Your picnic in Paris sounds lovely, I can just picture it and kind of understand your concern that you may loose these opportunities with your husband. In time I think that you will find that it will be ok.

If your husband feels that he needs to stop drinking it is important, and it is a difficult thing to do, especially in the early days. My husband found it very tough indeed so I stuck to water for the first six months but now, two years later, he is comfortable if I choose to have wine when we go out somewhere. I don't get drunk, but I still have a good time!

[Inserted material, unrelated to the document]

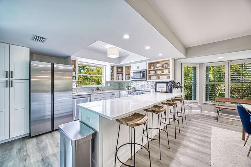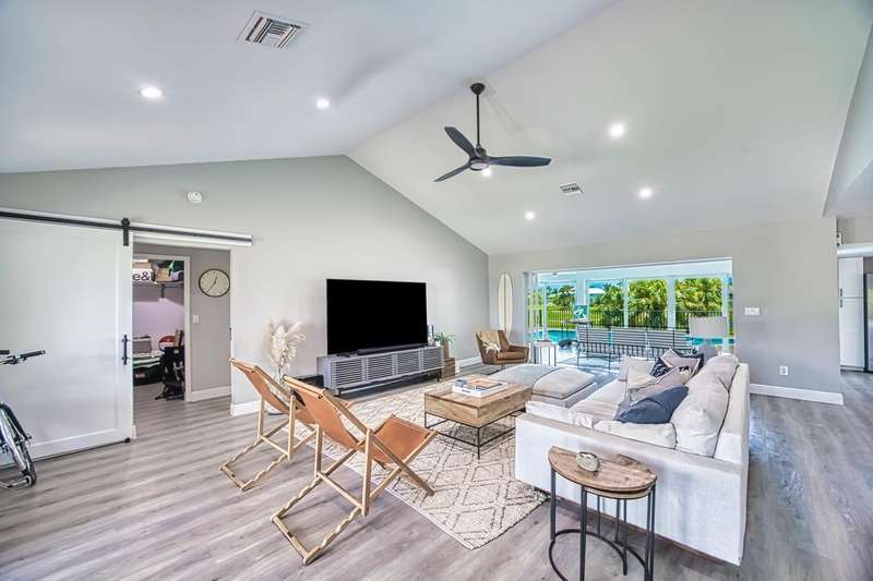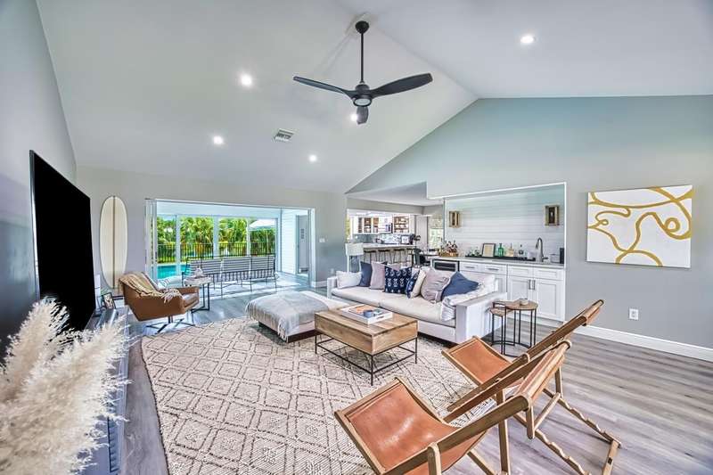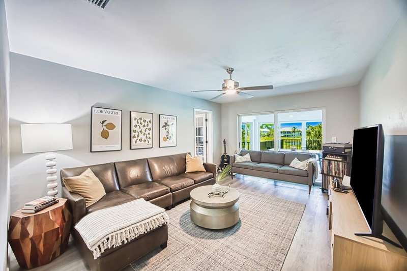 Bring your beach towel and start living the Paradise Dream!! Fully furnished and turnkey, this beautifully maintained island home offers peace of mind and effortless living with a host of recent updates, including a durable metal roof (re-screwed in 2024), hurricane-rated front door and porch windows (2021), rear sliders (2023), and new hurricane shutters installed on all sides (2021–2024). Gorgeous flooring runs throughout the home, which boasts an open floor plan ideal for entertaining. Large sliders create seamless indoor/outdoor living and showcase scenic views of the fairways. Enjoy all-day sun with desirable southern exposure. The pool area has been beautifully refreshed within the past 3 years, featuring updated decking, new coping, and a stylish outdoor shower added in 2023. The kitchen is equipped with modern appliances (2020–2025), and the home includes a new AC system (2021) and condenser (2023). Located on the east end of the island for quick access on and off Sanibel, and just moments from the beach. Optional membership to The Dunes Golf & Tennis Club includes access to an 18-hole championship course set in a protected Audubon wildlife preserve, six Har-Tru tennis courts, four pickleball courts, reduced greens and court fees, plus generous dining and retail discounts. Experience the best of the Sanibel lifestyle at The Dunes!

As you know, it would not be any easier for you if your husband was violent or not working so well - you would just have different problems to worry about and by that time it would be a lot harder to turn that juggernaut around. As you have discovered, negative thinking can make us feel guilty and 'less than' and that highlights our own insecurities as well so it is important that you take care of you as well. So - sometimes I miss having a drink with a meal (you are not alone!) but as you describe it is not that big a deal. Since I don't want to feel like a martyr and become a resentful old nun I usually do have a glass of wine when I am out with friends and family; From time to time I might also have a glass of wine in a restaurant when I'm out with my husband as well, but then again sometimes I don't - because sometimes I want to be there 'with him' on his terms - and that is ok with me as well.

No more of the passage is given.